- [DATA FOR THIS EXERCISE]
· · · · ·

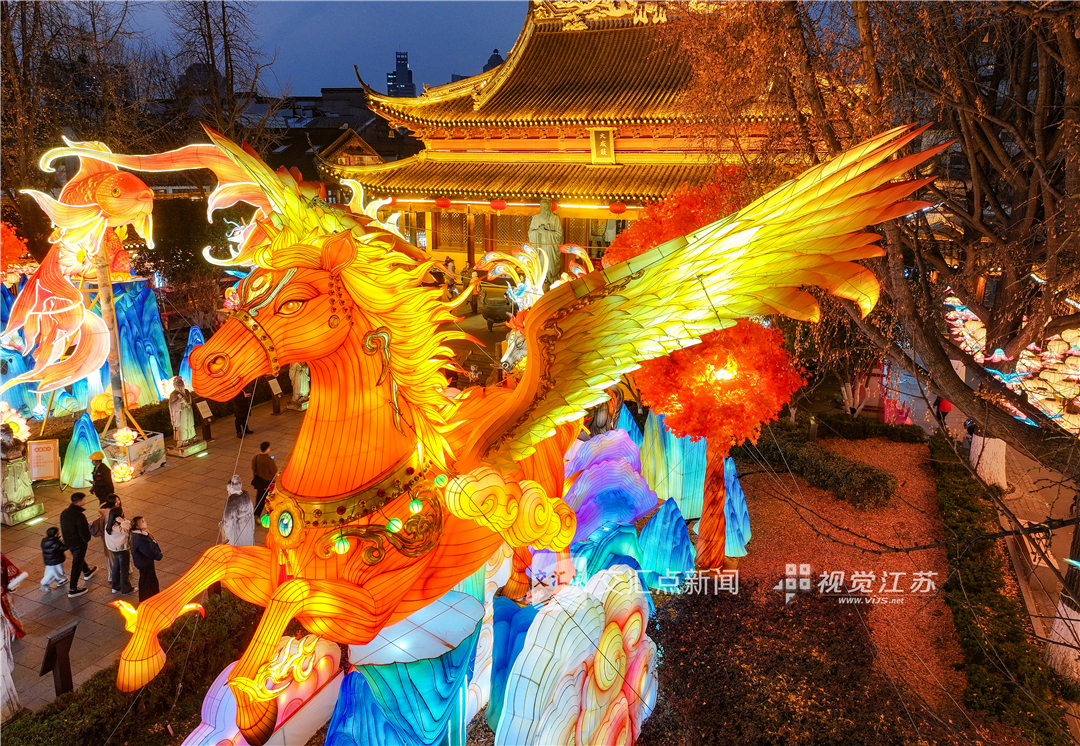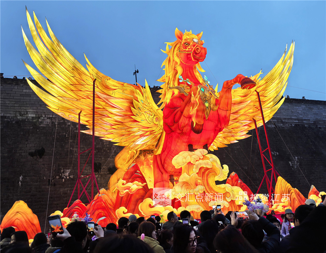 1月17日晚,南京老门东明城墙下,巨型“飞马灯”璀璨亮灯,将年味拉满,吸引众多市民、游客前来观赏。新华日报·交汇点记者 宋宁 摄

· · · · ·

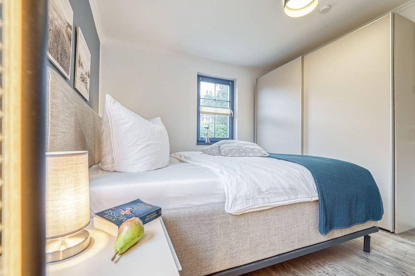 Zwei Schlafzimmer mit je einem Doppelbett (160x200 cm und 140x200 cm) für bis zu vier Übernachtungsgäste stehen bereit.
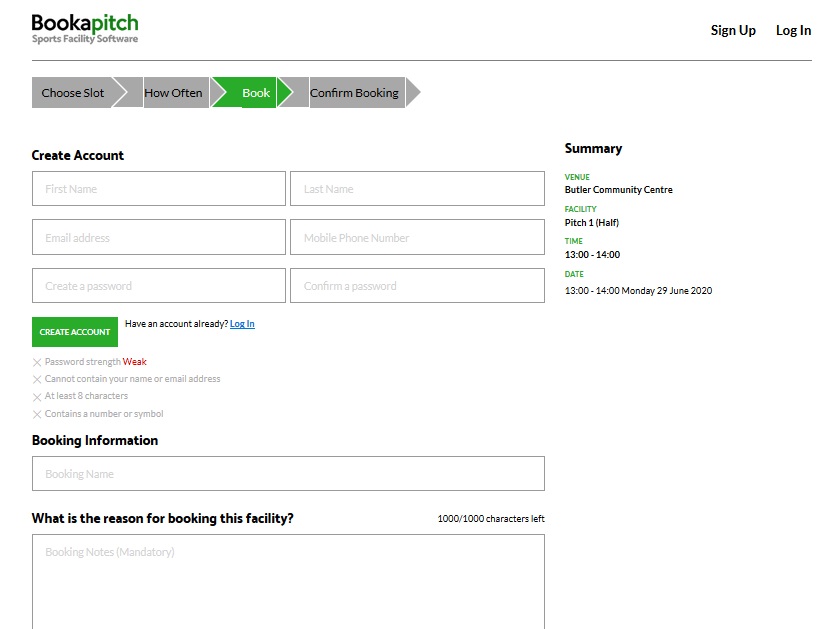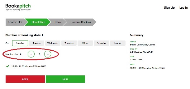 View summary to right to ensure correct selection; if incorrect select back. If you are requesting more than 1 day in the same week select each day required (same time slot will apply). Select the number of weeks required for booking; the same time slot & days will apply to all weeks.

· · · · ·

- [AIM OF THE TASK] Reproduce the lines above beginning at the line that contains "Zwei Schlafzimmer mit" and ending at the line that contains "View summary to". No pictures.

- [OUTPUT]
 Zwei Schlafzimmer mit je einem Doppelbett (160x200 cm und 140x200 cm) für bis zu vier Übernachtungsgäste stehen bereit.
 View summary to right to ensure correct selection; if incorrect select back. If you are requesting more than 1 day in the same week select each day required (same time slot will apply). Select the number of weeks required for booking; the same time slot & days will apply to all weeks.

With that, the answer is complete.